* Task prompt
Whenever the string "like" appears in a line below, please copy the line out.

* Records for this exercise

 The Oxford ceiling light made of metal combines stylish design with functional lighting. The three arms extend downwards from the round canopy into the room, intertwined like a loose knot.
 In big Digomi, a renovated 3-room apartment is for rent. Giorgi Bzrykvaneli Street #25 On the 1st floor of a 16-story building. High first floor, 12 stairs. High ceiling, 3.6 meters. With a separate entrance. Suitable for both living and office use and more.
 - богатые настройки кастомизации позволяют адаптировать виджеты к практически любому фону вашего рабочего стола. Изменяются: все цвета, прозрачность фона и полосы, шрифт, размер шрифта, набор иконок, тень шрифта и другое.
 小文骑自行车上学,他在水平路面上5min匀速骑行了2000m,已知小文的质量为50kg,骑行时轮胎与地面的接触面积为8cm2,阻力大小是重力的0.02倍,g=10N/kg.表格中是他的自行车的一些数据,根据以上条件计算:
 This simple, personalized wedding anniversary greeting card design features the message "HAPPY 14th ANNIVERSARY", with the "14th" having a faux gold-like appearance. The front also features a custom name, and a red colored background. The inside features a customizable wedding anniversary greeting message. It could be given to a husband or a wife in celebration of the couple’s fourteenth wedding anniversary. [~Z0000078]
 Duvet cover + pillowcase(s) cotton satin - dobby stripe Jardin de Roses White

--

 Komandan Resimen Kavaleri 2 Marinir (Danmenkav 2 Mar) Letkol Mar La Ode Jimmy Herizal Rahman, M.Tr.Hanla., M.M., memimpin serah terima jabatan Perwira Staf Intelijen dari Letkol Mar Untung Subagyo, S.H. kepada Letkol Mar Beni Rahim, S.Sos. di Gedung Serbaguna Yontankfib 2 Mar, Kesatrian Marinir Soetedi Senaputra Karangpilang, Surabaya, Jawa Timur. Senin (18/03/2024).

--

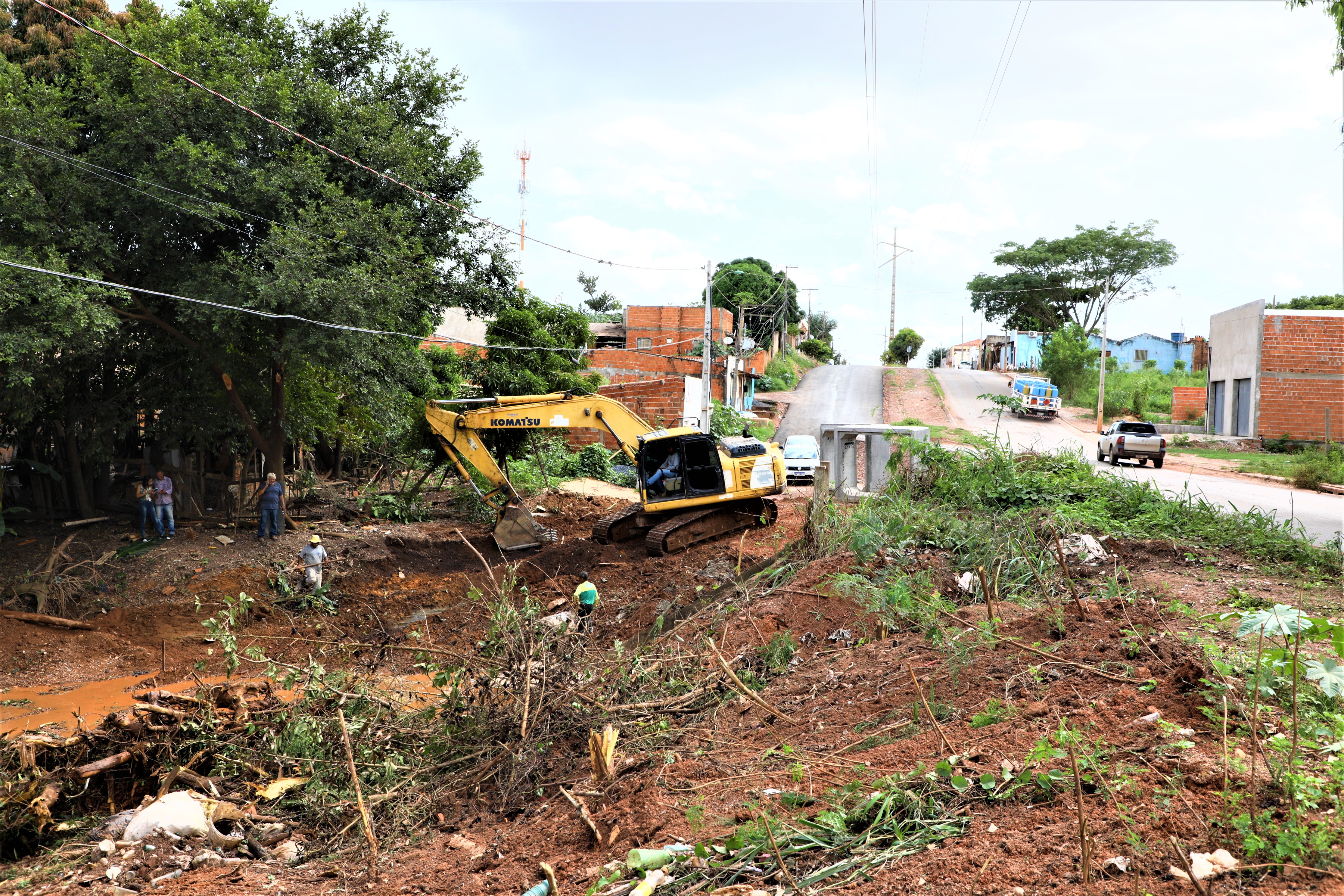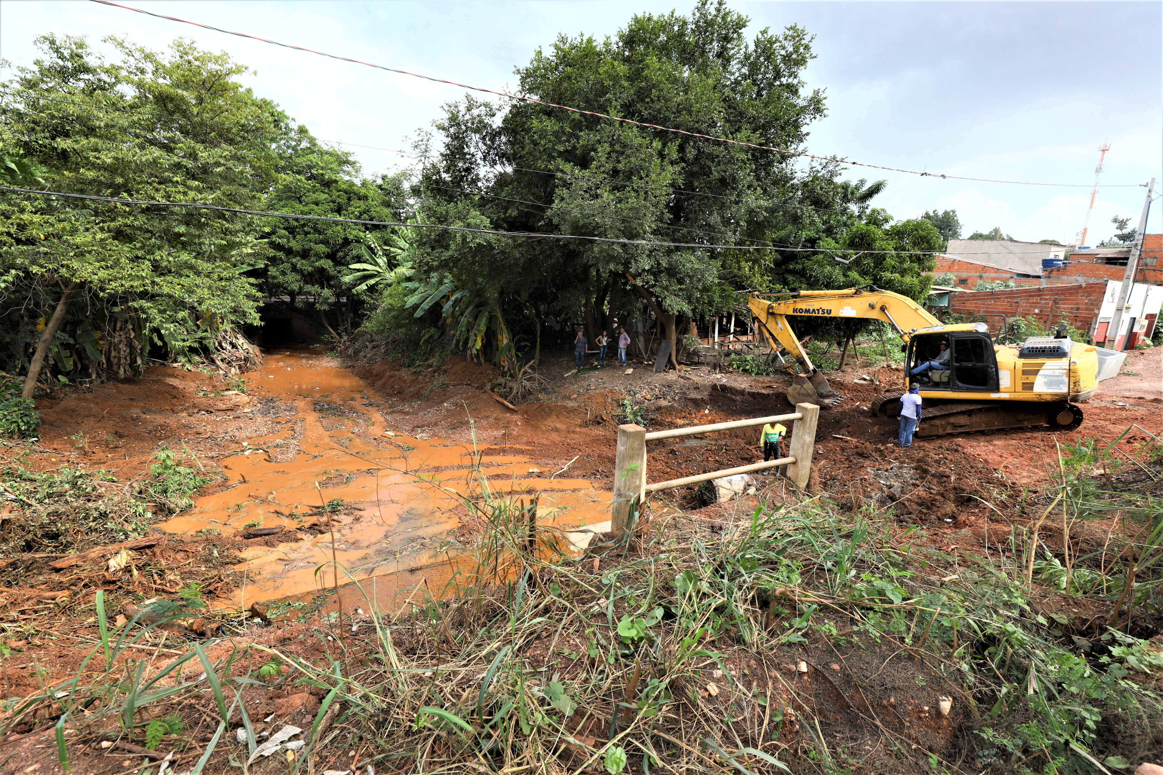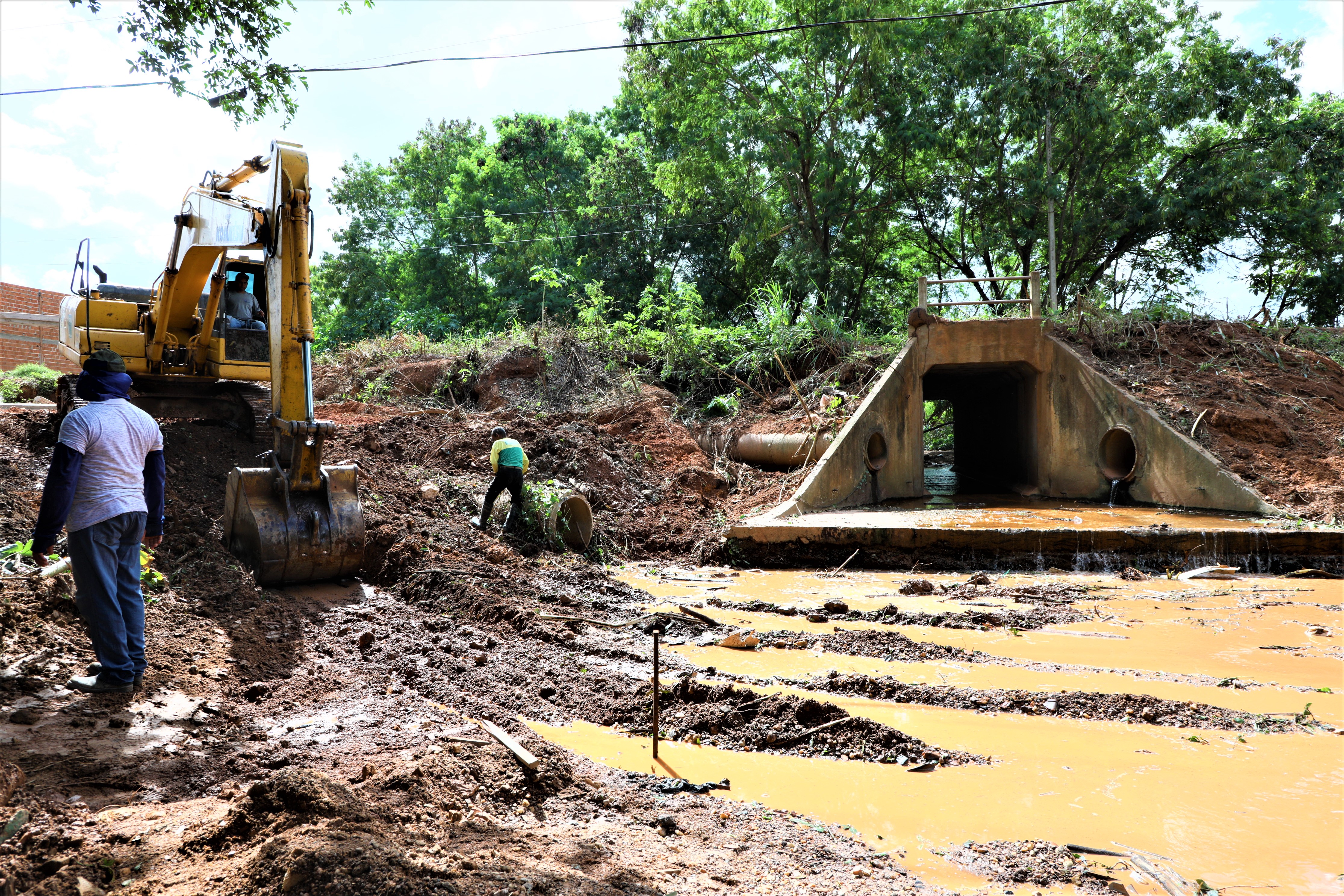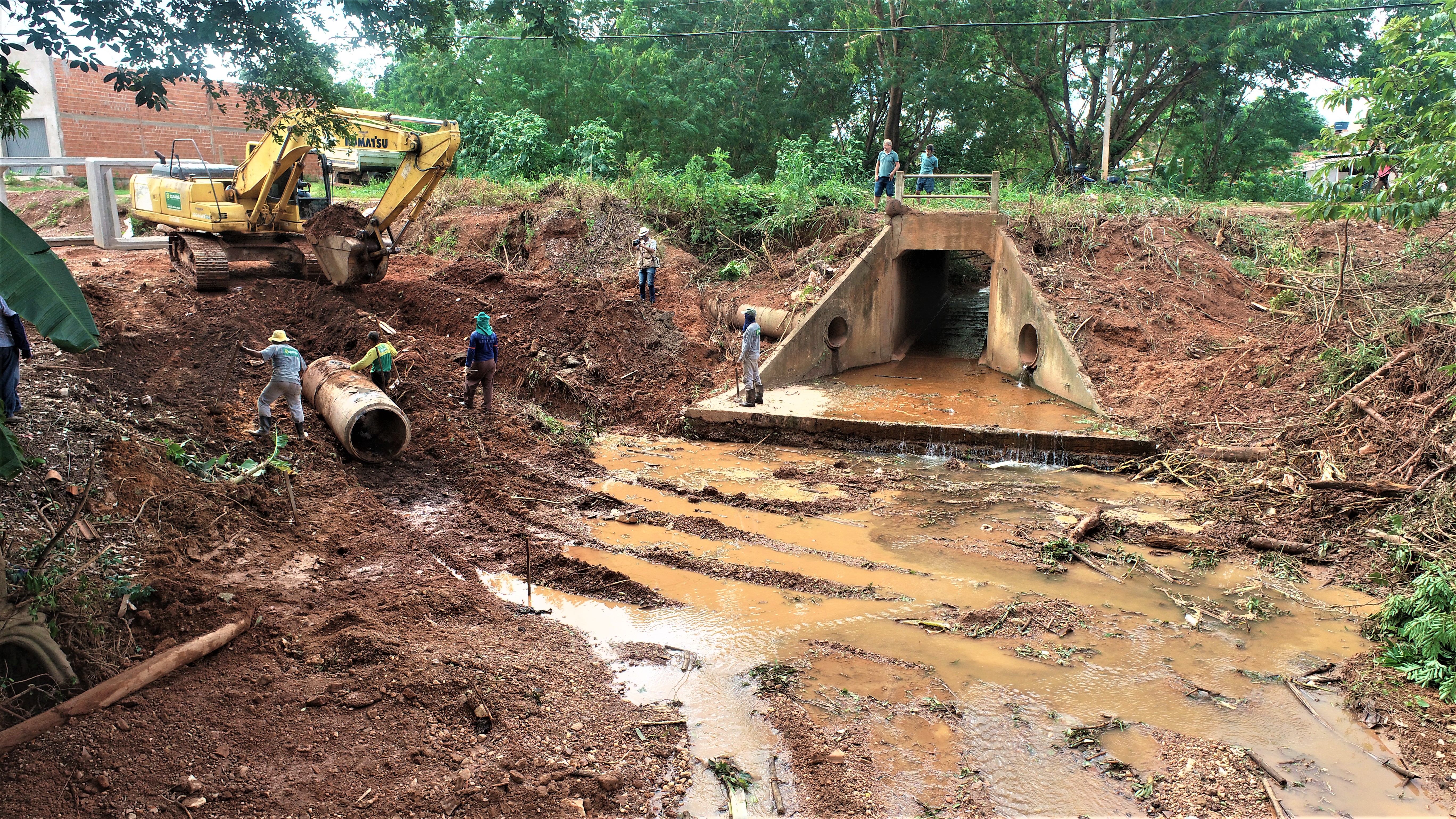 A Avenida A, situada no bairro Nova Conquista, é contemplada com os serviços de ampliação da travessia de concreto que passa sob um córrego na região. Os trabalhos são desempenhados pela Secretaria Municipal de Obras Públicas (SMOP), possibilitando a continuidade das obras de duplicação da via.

* Solution to the exercise
 The Oxford ceiling light made of metal combines stylish design with functional lighting. The three arms extend downwards from the round canopy into the room, intertwined like a loose knot.
 This simple, personalized wedding anniversary greeting card design features the message "HAPPY 14th ANNIVERSARY", with the "14th" having a faux gold-like appearance. The front also features a custom name, and a red colored background. The inside features a customizable wedding anniversary greeting message. It could be given to a husband or a wife in celebration of the couple’s fourteenth wedding anniversary. [~Z0000078]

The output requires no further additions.